Le reti e il territorio

Il Comitato Bertalia-Lazzaretto

il quartiere che non si arrende alla speculazione

di Antìgene

Dentro la lotta del Comitato Bertalia-Lazzaretto Storico contro il nuovo saccheggio urbanistico di Bologna.

Dalla memoria alla mercificazione

Bertalia e Lazzaretto non sono soltanto due toponimi in un piano regolatore: sono quartieri popolari che hanno fatto la storia della città, luoghi di lavoro, di migrazione, di comunità. Oggi, nel nome della “rigenerazione”, rischiano di essere divorati da un modello di sviluppo estrattivo, che spaccia marketing urbano per progresso.

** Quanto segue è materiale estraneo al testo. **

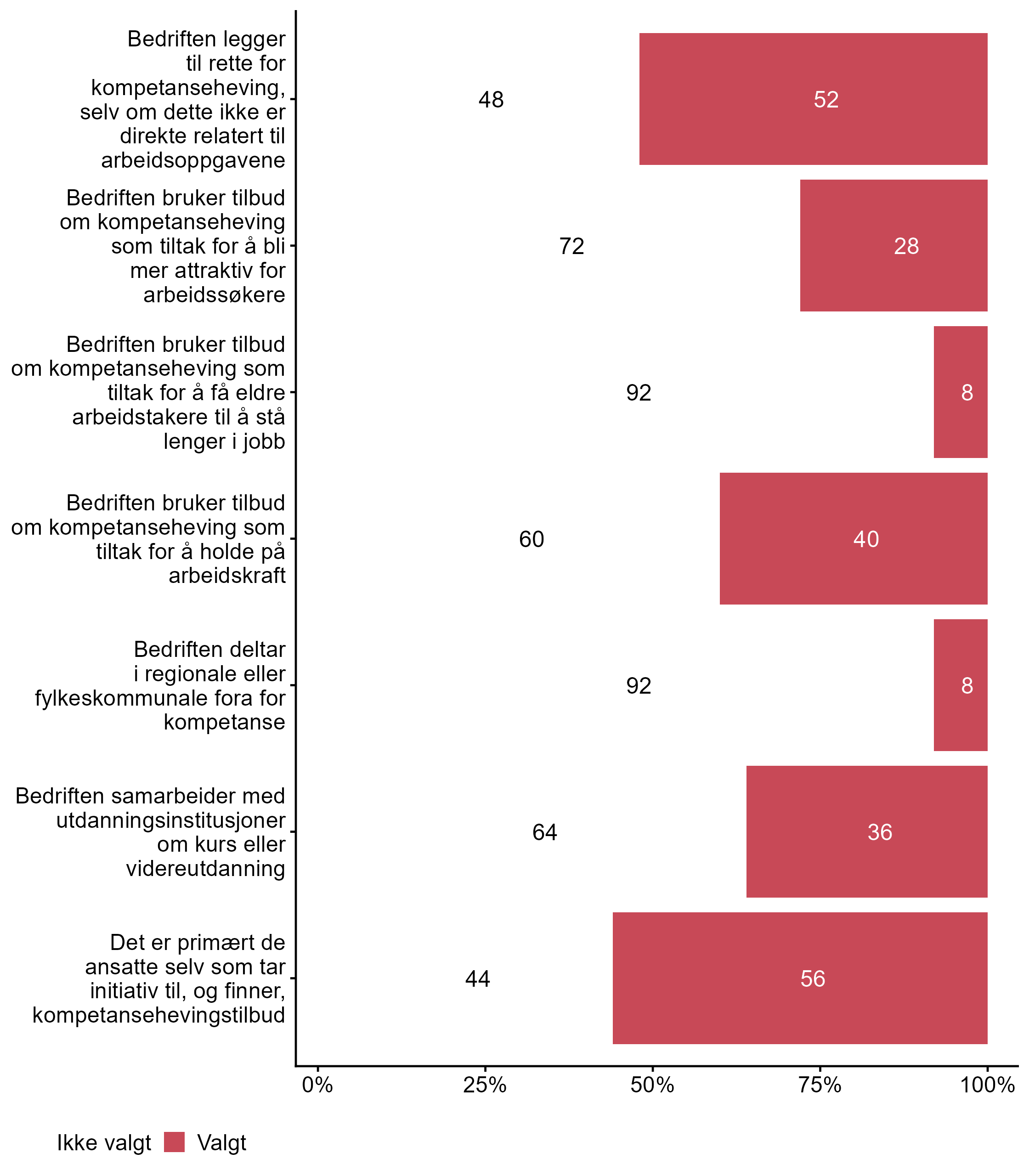 For Bedriften deltar i regionale eller fylkeskommunale fora for kompetanse har målgruppen en lavere andel respondenter (0,08) enn alle andre (0,25) som svarte Valgt. Færre respondenter svarte Valgt for Bedriften bruker tilbud om kompetanseheving som tiltak for å bli mer attraktiv for arbeidssøkere i målgruppen (0,28) enn i andre grupper (0,4). For påstanden Bedriften legger til rette for kompetanseheving, selv om dette ikke er direkte relatert til arbeidsoppgavene var det flere som svarte Valgt i målgruppen (0,52) enn blant andre (0,34).
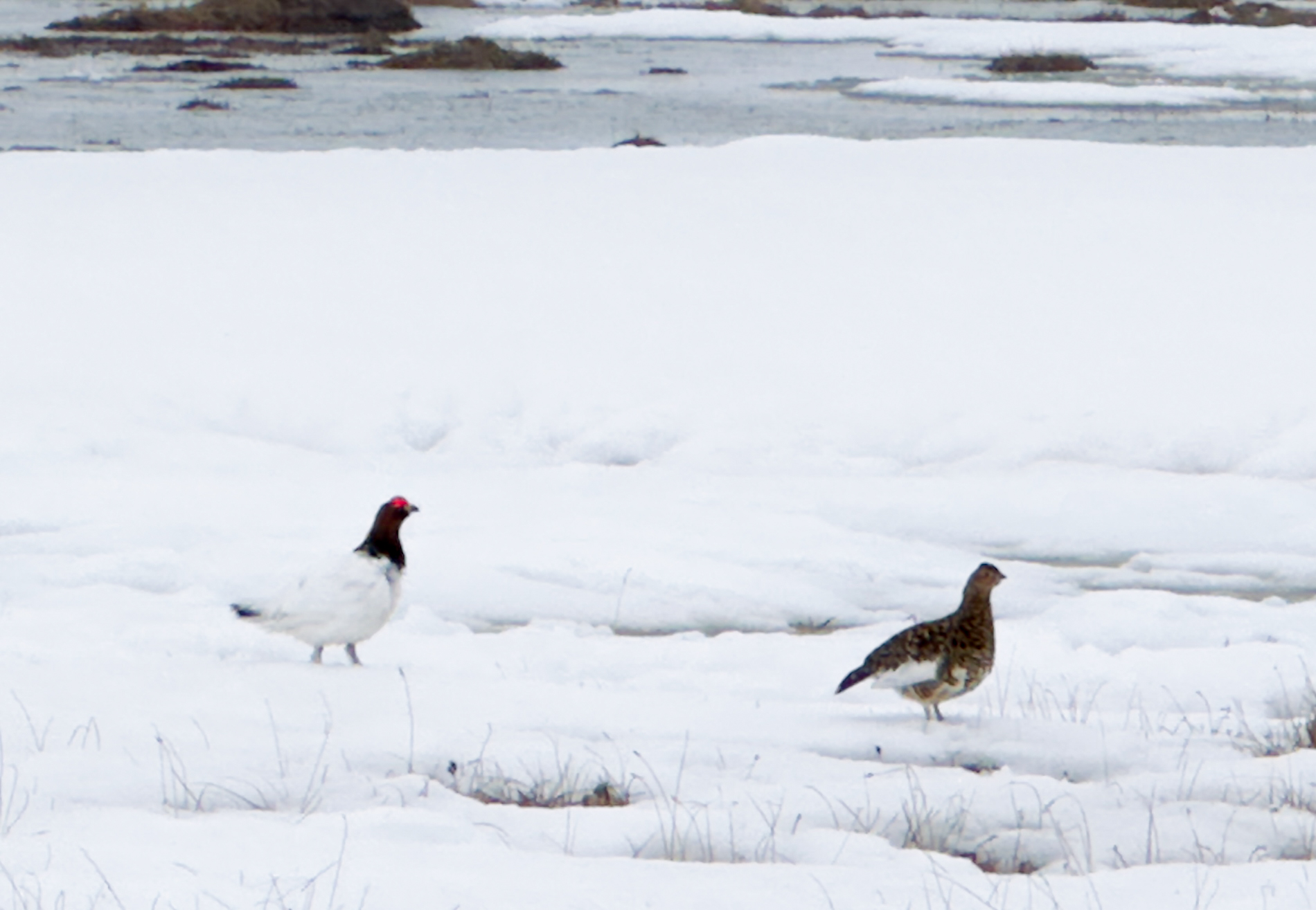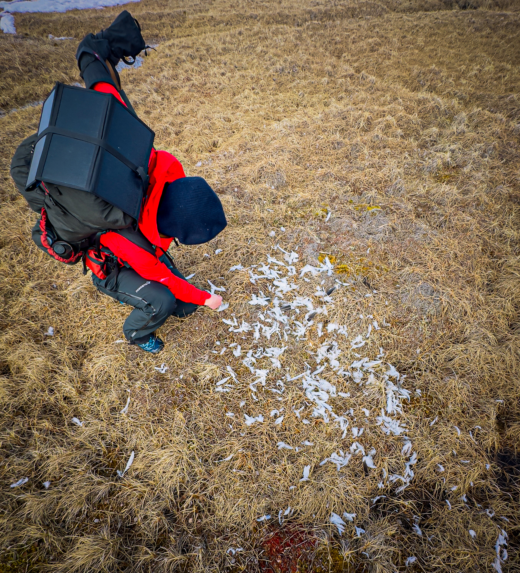 It’s a shame we have to put miles between us and the coast for safety reasons because the 8-10 miles inland from the sea ice is fascinating. The bird life is copious and wild. We saw another Snowy Owl, more Willow Ptarmigan than I can count and a Greater White Fronted Goose, a new one on my list. The echoing calls of the goose fit in perfectly with this arctic landscape, their quacks carrying across the foggy tundra. Elaine and I talked about how we’d like to spend an extended amount of time in this zone in the future and ways to do that, perhaps bringing a lightweight electric fence and spending more time with the birds.

Grandi parole: “distretto innovativo”, “città della conoscenza”, “verde e sostenibilità”. Grandi interessi: studentati privati, uffici direzionali, residenze di pregio e investimenti immobiliari. Chi paga? Gli abitanti. Chi decide? Non certo chi vive qui.

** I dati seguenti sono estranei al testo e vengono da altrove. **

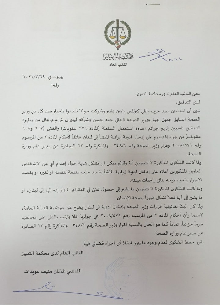 محليات القاضي عويدات قرر حفظ إخبار الأدوية الإيرانية.. خاوٍ من الوقائع! By F.S أبريل 26, 2021 لا توجد تعليقات قرر النائب العام لدى محكمة التمييز القاضي غسان عويدات حفظ الاخبار بمسألة الادوية الإيرانية لانه خاو من الوقائع، ولان قرار وزير الصحة بإدخال أدوية الى لبنان يخرج عن صلاحية النيابة العامة. وجاء في قرار القاضي عويدات. القاضي عويدات
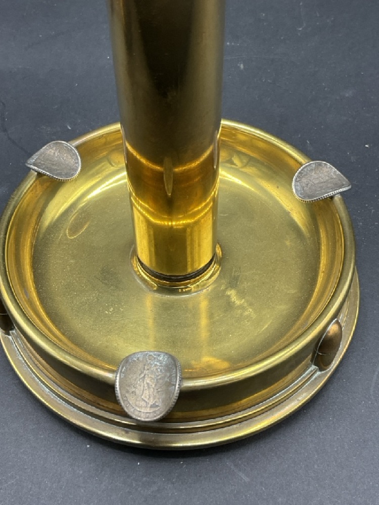 Trench Art Bullet Ashtray. Very high quality craftsmanship with 90mm M19 shell base, bullet accents and centavo silver coins.
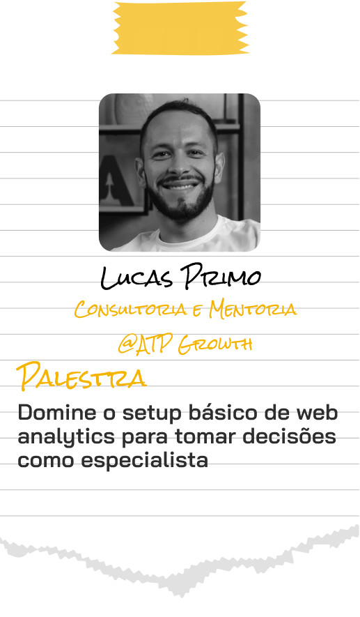 | 15:30 | Palestra | Lucas Primo | O terror dos números: Como dominar o setup de web analytics para tomar decisões como um especialista |
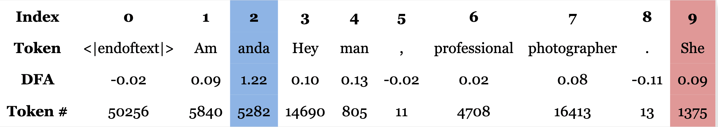 Consider feature 3.15566 examined in our previous post covering all attention heads in GPT-2 Small, which activates on female pronouns and attends back to the name. We examine this feature on the prompt “Amanda Heyman, professional photographer. She”. On the final token, the source position DFA (step 2 in RDFA) indicates the model is attending backwards to the second token of Amanda’s first name, “anda”.
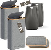 Panier à linge étroit avec couvercle et sac à linge - 60L - Étroit - Panier à linge - Pliable - Panier de rangement - Lin - Grijs
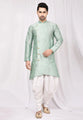 Pista Green Art Silk Indo Western Suit

Il PUG e la retorica tossica del green

Il Piano Urbanistico Generale ha un obiettivo non dichiarato: trasformare Bertalia-Lazzaretto in una piattaforma di rendita. Si parla di “cura del ferro”, ma intanto i cantieri soffocano il quartiere. Si promette “verde pubblico”, ma si consegnano vasi e rendering patinati. Il marketing è sostenibile, la vita reale no.

Dietro la parola “rigenerazione” c’è la stessa logica che ha già stravolto altre aree: Navile, Manifattura Tabacchi, Mercato San Donato. Ovunque lo stesso copione: espulsione sociale, gentrificazione, precarizzazione.

Cantieri infiniti, città invivibile

Chi passa oggi per Bertalia-Lazzaretto vede barriere, polvere, rumore. Chi ci vive affronta viabilità distrutta, servizi mancanti, isolamento fisico e sociale. Bologna è diventata la città del perenne stato d’eccezione edilizio: la vita quotidiana è sacrificata a favore di cantieri che sembrano eterni.

Il comitato denuncia zero processi partecipativi veri: gli incontri pubblici sono scenografie dove il progetto è già deciso. Le scelte calano dall’alto, con la complicità di giunte e uffici tecnici.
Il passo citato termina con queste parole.